Dezembro 2019, Janeiro 2020
Dia 3 – Chegada ao Kosovo
Acordamos no coração do Vale de Valbona e lá fora o prado verde está coberto de um manto fino de branco, fruto do nevão da noite. Não resisto e equipo-me para uma corrida matinal! A chaminé do Hotel Margjeka já fumega e o silêncio no exterior é encantador. Desço até ao rio, onde o curso de água é formado por muitas pedras. Como não há muita água, é possível caminhar pelo curso rio acima. Este é o ponto a partir do qual se faz a travessia de Valbona para Theth, outro parque natural do outro lado da montanha. Mas a travessia só é possível no verão e leva um dia inteiro. Normalmente os visitantes vêm de táxi de Shkoder, fazem a travessia e seguem viagem para outro destino. Hoje vou ter de ficar por este lado do vale e para já sou a única pessoa por aqui. Continuo o passeio, ora pelo rio, ora pelo bosque, sempre acompanhado pelo som da água a correr.
Regressado ao hotel, descemos para tomar o pequeno almoço. Somos os únicos hóspedes no salão, apesar de ontem termos visto mais gente no hotel. Ou já saíram todos, ou ainda estão a descansar! Servem-nos o pequeno almoço tradicional que degustamos tranquilamente enquanto apreciamos a paisagem lá fora. Por fim despedimo-nos do hotel e seguimos viagem.
Deixamos o Parque Natural do Vale de Valbona e regressamos à estrada SH22 que nos leva até à fronteira com o Kosovo. À chegada, o controlo fronteiriço manda-nos seguir. Despacham-nos rapidamente sem nos pediram para parar. Não mostramos passaportes, nada! Não sei se é pelo carro ter matrícula Albanesa, mas o que é facto é que não demos cavaco a ninguém! E assim eis-nos chegados ao Kosovo.

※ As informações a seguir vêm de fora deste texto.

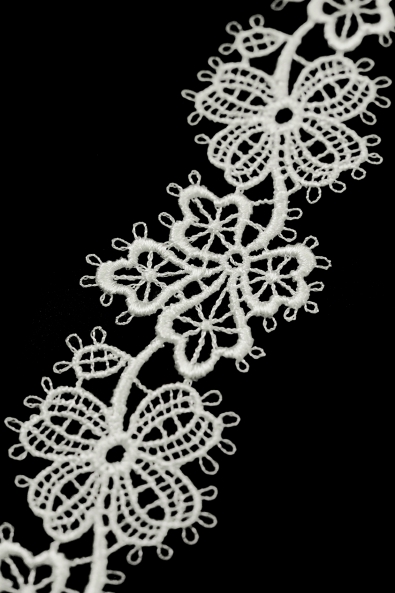 Najwyższej jakości taśma niezdobiona stworzona z gipiury. Doskonale sprawdza się jako element wykończeniowy zarówno sukienek jak i obrusów, firan czy innych tekstyliów. Wypukła forma oraz ciekawy wzór koronki sprawiają, że tkanina zyskuje subtelny akcent dekoracyjny.
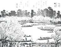 東海道守口宿(大坂)や船着き場伏見のにぎわい、枚方のくらわんか船、三十石船の船中情景、さらに伏見から洛中の三条大橋に至る名勝や社寺・旧跡・景観を詳しく描いています。(淀川両岸一覧)
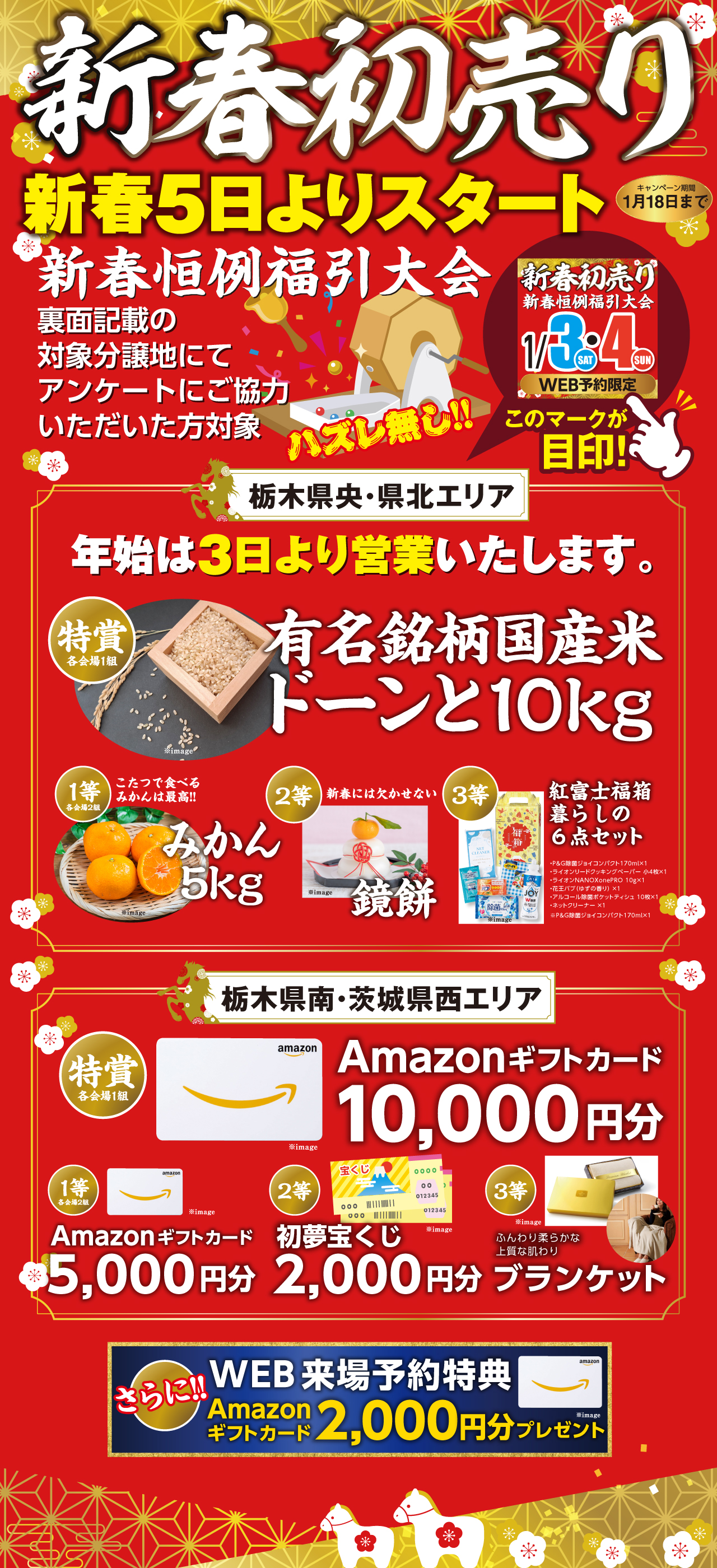 新春初売り福引大会 70件の分譲地、282件のプランが見つかりました。 【新春恒例福引大会】※2026年1月18日までに対象分譲地にお越しいただくことが条件となります。※1/3,4は対象物件をWEBからの事前予約限定となります。※抽選は1家族様1回となります。※アンケートにお答えいただいた、住宅購入予定のある、グランディハウスの分譲地を初めてご見学された新規のご家族が対象です。※プレゼントは後日ご自宅へのお届けとなり、授受トラブル防止のため手渡しのみとなります。郵送または弊社スタッフによる投函でのお渡しは行っておりません。※数に限りがありますので各プレゼントは1家族1回とさせていただきます。※商品が無くなり次第終了となります。※その他のプレゼントとの併用は出来ません。※商品が変更となる場合がございますので、予めご了承ください。※画像はイメージです。※詳しくは当社スタッフにお尋ねください。※WEBご来場予約特典はグランディハウス(株)による提供です。本キャンペーンについてのお問い合わせはAmazonではお受けしておりません。グランディハウス事務局ad@grandy.co.jpまでお願いいたします。※Amazon、Amazon.co.jpおよびそのロゴはAmazon.com.inc.またはその関連会社の商標です。 エリア絞込: すべて 宇都宮市 栃木市 佐野市 鹿沼市 小山市 真岡市 大田原市 那須塩原市 さくら市 下野市 下都賀郡壬生町 下都賀郡野木町 すべての物件にチェックを入れる すべてチェック 物件をくらべる まとめて資料請求する 0件の分譲地 物件をくらべる(5件まで) まとめて資料請求する(5件まで) 価格改定 モデルハウス 宇都宮市 越戸町 越戸アトレア【モデルハウス街区】 お気に入り登録人数8人 販売戸数: 2戸 販売価格: 3,680万円 (税込) 〜 ご好評頂いたオーダー提案型モデルハウスを家具付にて販売 <27号棟>2階建モデル_価格改定3,980万円 <28号棟>平屋モデル_価格改定3,680万円 ◆子育て家族に嬉しい、時短発想!2階建プラン ◆1人でも2人暮らしにもちょうどいい!平屋プラン ◆先進の設備仕様を採用した、全39邸の大型分譲地内特設モデルギャラリー ◆泉が丘小・中学校区 来場予約 資料請求(無料) 電話相談 お問い合わせ グランディハウス 宇都宮東支店 宇都宮市中今泉3丁目1-37 0120842233(発信する) 閉じる 分譲地詳細を見る 小山市 東城南 ソラタウン小山市東城南3丁目2期 お気に入り登録人数2人 販売戸数: 2戸 販売価格: 4,270万円 (税込) 「ウルトラファインバブルスイゲン」採用 「東城南小学校」まで徒歩4分 【長期優良住宅認定 ✕ ZEH ✕ おひさまエコキュート ✕ K3制震ダンパー採用】 さらに建物内すべての水に、ウルトラファインバブルを 行き渡らせる「スイゲン」を採用。 来場予約 資料請求(無料) 電話相談 お問い合わせ グランディハウス 県南支社 小山市東城南5丁目1番地9 0120785060(発信する) 閉じる 分譲地詳細を見る 新着 那須塩原市 東三島三丁目 ナチュラルグレイス那須塩原市東三島3丁目5期 お気に入り登録人数1人 販売戸数: 8戸 販売価格: 2,930万円 (税込) 〜 最高等級の耐震性能+制震ダンパーK3標準搭載! 60年保証+60年サポート! 住宅設備10年保証制度あり! ◆小・中学校、ニトリ、フードマーケットオータニまで徒歩圏内 ◆オール電化&ZEH水準の断熱性能・省エネルギー性能の住まい 来場予約 資料請求(無料) 電話相談 お問い合わせ グランディハウス 県北支店 矢板市鹿島町1番52号 0120002138(発信する) 閉じる 分譲地詳細を見る 新着 宇都宮市 簗瀬3丁目 ソラタウン簗瀬3丁目8期 お気に入り登録人数5人 販売戸数: 2戸 販売価格: 4,100万円 (税込) 〜 JR「宇都宮」駅 約1,500m ZEH住宅 × 長期優良住宅認定 ◆静和幼稚園、簗瀬小学校 徒歩13分圏内、たいらや 徒歩10分 ◆通り抜け可能なゆとりある6mの街区内道路 ◆国土交通大臣認定耐力壁「K3」制震ダンパー搭載 来場予約 資料請求(無料) 電話相談 お問い合わせ グランディハウス 宇都宮東支店 宇都宮市中今泉3丁目1-37 0120842233(発信する) 閉じる 分譲地詳細を見る モデルハウス 小山市 雨ケ谷 グランドステージ城南の森7期 お気に入り登録人数11人 販売戸数: 6戸 販売価格: 2,695万円 (税込) 〜 月々62863円~※ 敷地面積最大261㎡・ZEH水準の断熱性能で高機能安心住宅 〈3号棟のみZEH住宅〉 ◆長期優良住宅認定(第3次街区) ◆通り抜けのできない、住まう方専用の街区内道路で繋がる街並み ◆「ヨークベニマル」「無印良品」など、商業施設エリアが身近な暮らし ◆玄関ドア電子キー/電動シャッター標準装備 来場予約 資料請求(無料) 電話相談 お問い合わせ グランディハウス 県南支社 小山市東城南5丁目1番地9 0120785060(発信する) 閉じる 分譲地詳細を見る 価格改定 モデルハウス 那須塩原市 西新町 グランドステージ那須塩原市西新町 お気に入り登録人数3人 販売戸数: 3戸 販売価格: 2,498万円 (税込) 〜 3号棟 価格改定|2,498万円 月々58,268円(ボーナス払いなし) 60年保証+60年サポート! 住宅設備10年保証制度あり! ◆最大敷地面積73坪超、全8邸のゆとりと街並み ◆ZEH水準の断熱・省エネル
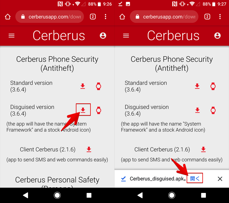 下面列出了两种类型的 Cerberus apk 文件,但如果您想秘密监控您的行踪,我们建议您使用后者。

Temos uma grande expectativa em relação ao Kosovo. Não só pela história recente da guerra dos Balcãs, mas também pelo facto de este ser o país mais recente do mundo. O Kosovo faz parte de um conjunto de países com reconhecimento limitado, isto é, após a declaração da sua independência em 2008, passou a ser reconhecido internacionalmente apenas por alguns países. O país declarou-se unilateralmente independente da Sérvia no dia 17 de fevereiro de 2018, sendo reconhecido no dia seguinte pelos Estados Unidos e alguns países europeus, tais como a França, Portugal, Reino Unido e a Alemanha. Atualmente é reconhecido por 90 Estados-membros da ONU, mas continua sem ser reconhecido pela Rússia, Brasil ou Espanha, e o governo Sérvio reivindica o território como parte integral da Sérvia. As Nações Unidas administram o território desde 1999 através da Missão de Administração Interina das Nações Unidas no Kosovo, com a cooperação da União Europeia desde 2008.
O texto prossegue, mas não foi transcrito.